A lack of a halfway house anywhere in the Northwest Territories is hurting prisoners in their attempts to integrate back into society after time in prison.
That's what Joe Pintarics, executive director of Yellowknife's Healing Drum Society says. Since the Salvation Army closed its Yellowknife halfway house three years ago, people released from the prison system have a rough road ahead, and that's partly because there aren't enough local facilities to help them make that transition.
Offenders either have to go down south to stay in a halfway house, or remain in jail until they are granted full parole.
"It's a different culture. It's a completely different setting, to have to learn to live in Edmonton," Pintarics says. "And that's just not a very good response," Pintarics says.

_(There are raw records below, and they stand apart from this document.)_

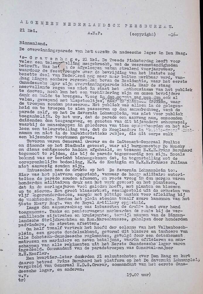Algemeen Nederlandsch Persbureau, mededelingen, buit...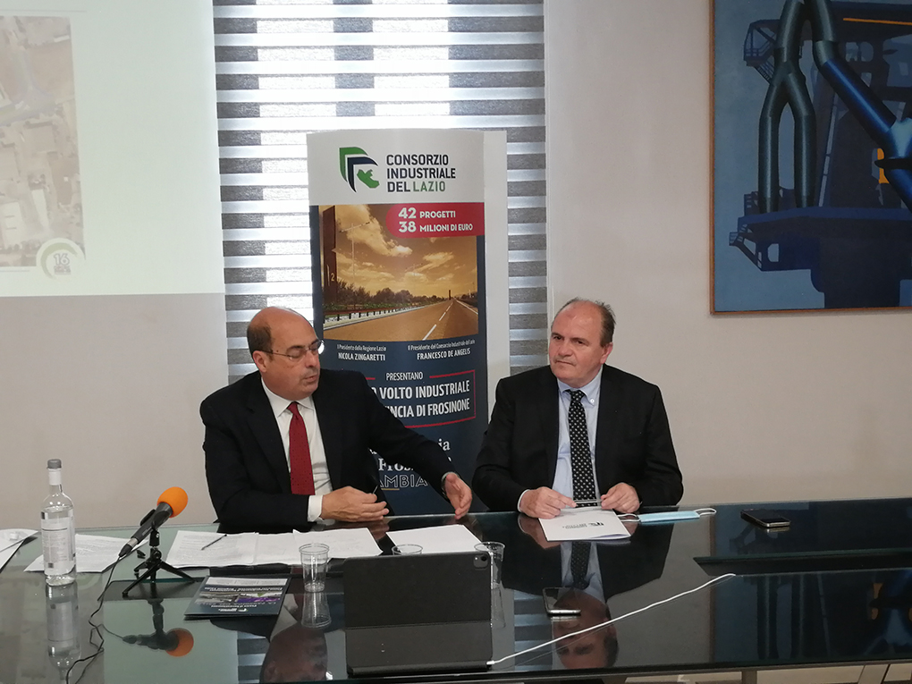 Ieri pomeriggio, presso la sede frusinate del Consorzio Industriale del Lazio, la presentazione ad opera del presidente del Consorzio Francesco De Angelis e del presidente della Regione Lazio Nicola Zingaretti.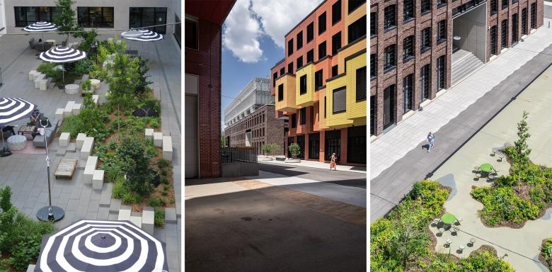Die Macherei verhandelt Freiraumqualitäten in einer neuen städtischen Dichte. Vielfalt, Lebendigkeit und präzise Identitäten sind die Antwort auf den hohen Druck im begrenzten Raum. Hohe funktionale Zwänge, große Baukörper und eine nahezu flächige Unterbauung mit einer zweigeschossigen Tiefgarage begrenzen den Spielraum der Freiräume stark. Die wenigen Freiflächen dienen der Erschließung, der Anlieferung, der Außengastronomie, und als Aufenthaltsflächen zugleich. In dieser räumlichen Enge muss jeder Quadratmeter mindestens drei Funktionen übernehmen. So ist an der Berg-am-Laim Straße in München mit der Macherei ein dichtes Gewerbequartier entstanden.
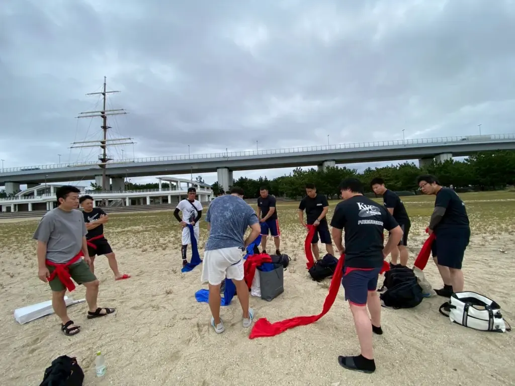 サッパ巻きと競技ルールのレクチャーに始まり、リーグ予選から決勝戦に至るまで全51試合の熱戦が繰り広げられ、激闘の末決勝までたどり着いたのは、主催として絶対に負けられない<東大阪地域青商会>、そして愛知代表として譲れない<名中地域青商会>!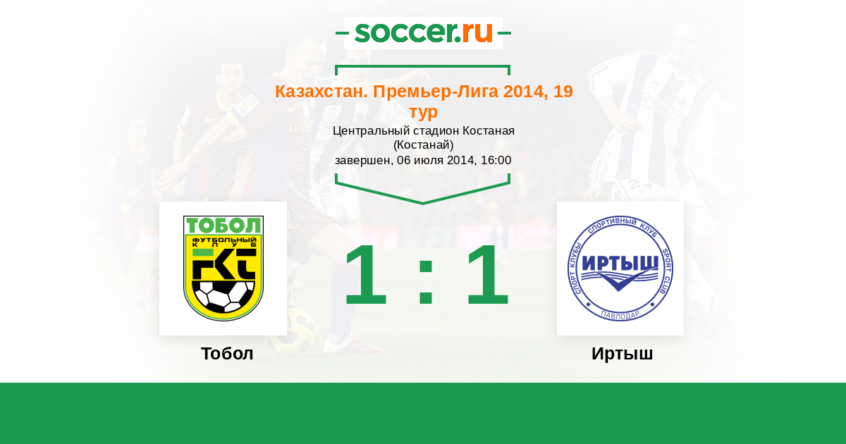 Казахстан. Премьер-лига 24.06.2012 Тобол Логотип футбольный клуб Тобол (Костанай) 2:2 Логотип футбольный клуб Иртыш (Павлодар) Иртыш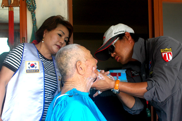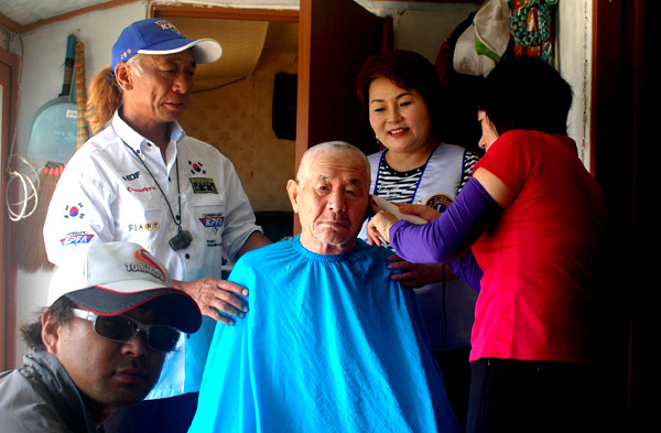 몸이 불편한 어르신께 이발 서비스 해주시는 라이온스 클럽 회원님들과 이병관 상임부회장님, 문종선 프로님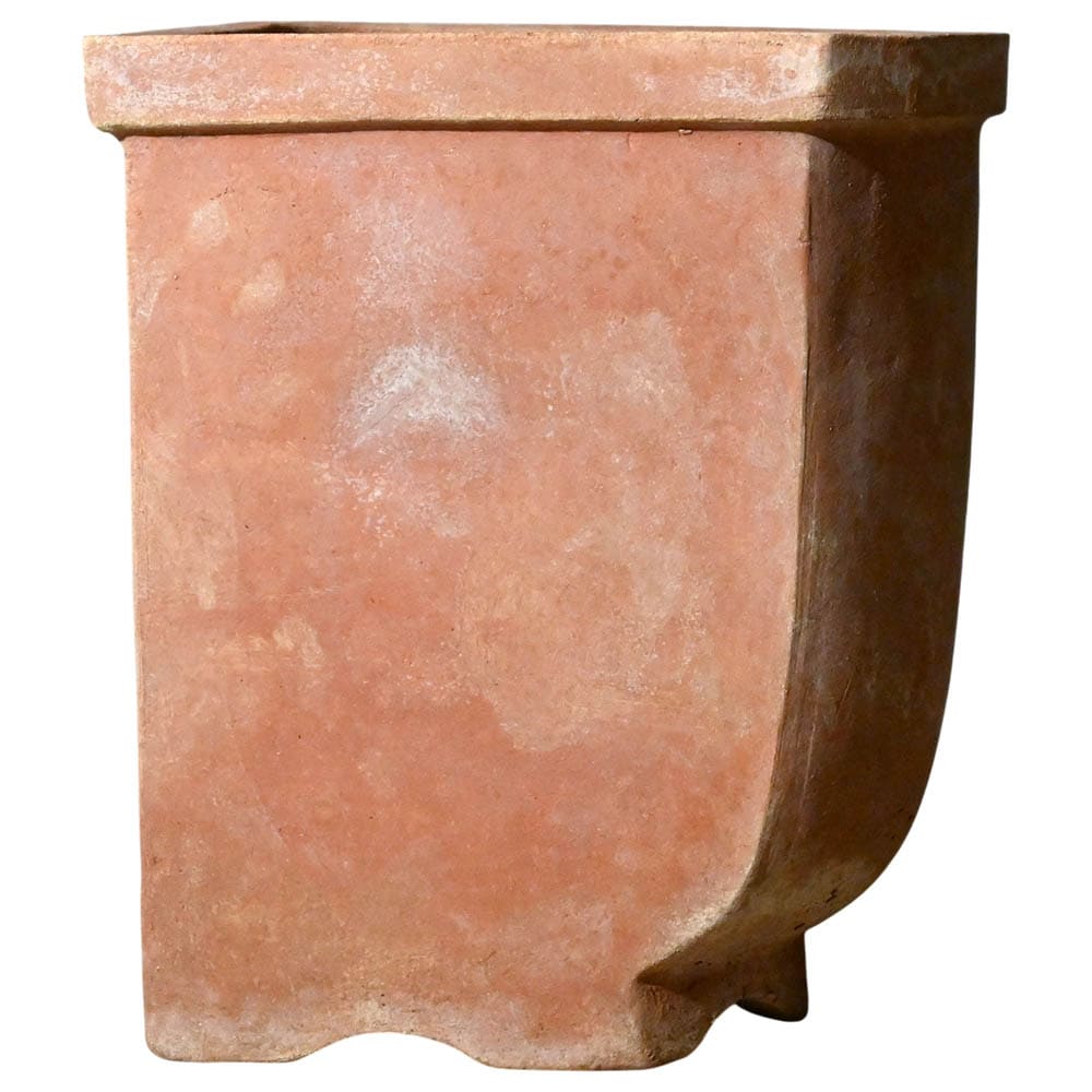 Questo vaso angolare in terracotta è ideale per piante di medie dimensioni e si adatta con naturalezza sia ad ambienti esterni che interni, mantenendo sempre un equilibrio visivo pulito e discreto.

Halfway houses are helpful, he says, because they allow offenders to partially reintegrate into society — they can look for work, go to school, or take programs during the day. But they have to come back and are supervised at night.
"We want it available to guys who are serving time that need to come out to that need to find a place to [transition] back to life in normal society," Pintarics says.
Opening a halfway house is always a tricky proposition, because residents are rarely comfortable with the idea of ex-convicts living nearby. But Pintarics and others at The Healing Drum in Yellowknife will meet with Corrections Canada next month to come up with a plan to get one somewhere in the N.W.T.